Exercise details. The task calls for the lines below from the line with "Дню Незалежності України.***" to the line with "Практическая рекомендация: часто", both ends included, copied exactly, without any pictures.

The data.
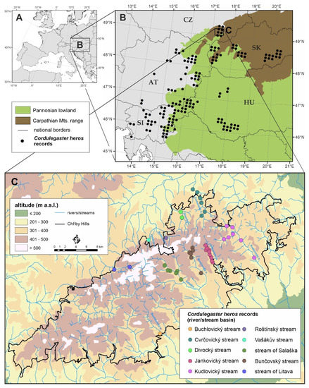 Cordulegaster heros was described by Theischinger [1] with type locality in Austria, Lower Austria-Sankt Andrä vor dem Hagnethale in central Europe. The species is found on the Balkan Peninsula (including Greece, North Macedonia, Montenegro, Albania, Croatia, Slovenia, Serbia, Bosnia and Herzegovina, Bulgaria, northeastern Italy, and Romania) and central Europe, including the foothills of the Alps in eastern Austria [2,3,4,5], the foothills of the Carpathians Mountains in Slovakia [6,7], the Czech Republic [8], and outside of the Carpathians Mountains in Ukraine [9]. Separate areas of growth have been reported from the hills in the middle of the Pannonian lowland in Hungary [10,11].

...

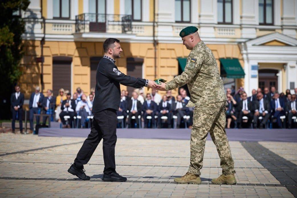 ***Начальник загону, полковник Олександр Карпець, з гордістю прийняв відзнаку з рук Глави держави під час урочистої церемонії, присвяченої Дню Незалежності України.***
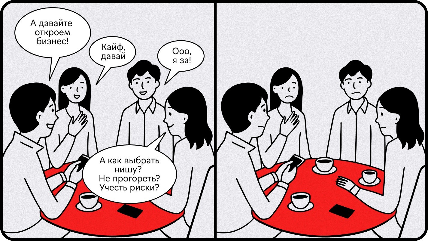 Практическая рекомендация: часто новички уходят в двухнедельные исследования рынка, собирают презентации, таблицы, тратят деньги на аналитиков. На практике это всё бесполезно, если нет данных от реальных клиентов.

==

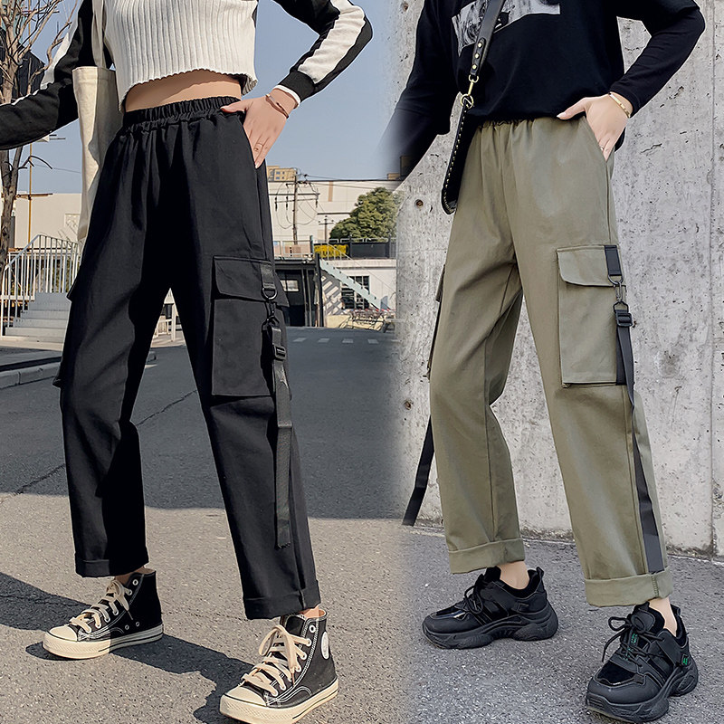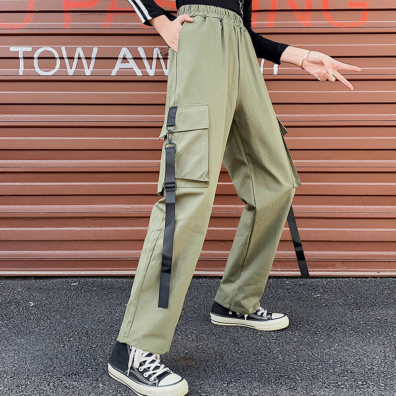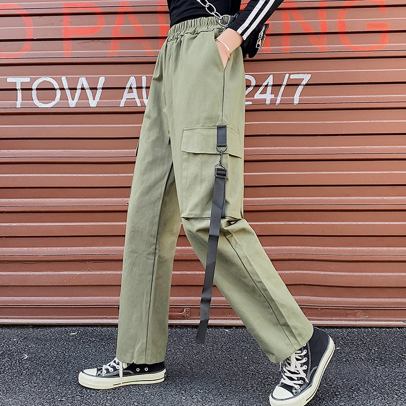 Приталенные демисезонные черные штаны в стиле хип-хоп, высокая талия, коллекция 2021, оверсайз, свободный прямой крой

Solution for this problem.
 ***Начальник загону, полковник Олександр Карпець, з гордістю прийняв відзнаку з рук Глави держави під час урочистої церемонії, присвяченої Дню Незалежності України.***
 Практическая рекомендация: часто новички уходят в двухнедельные исследования рынка, собирают презентации, таблицы, тратят деньги на аналитиков. На практике это всё бесполезно, если нет данных от реальных клиентов.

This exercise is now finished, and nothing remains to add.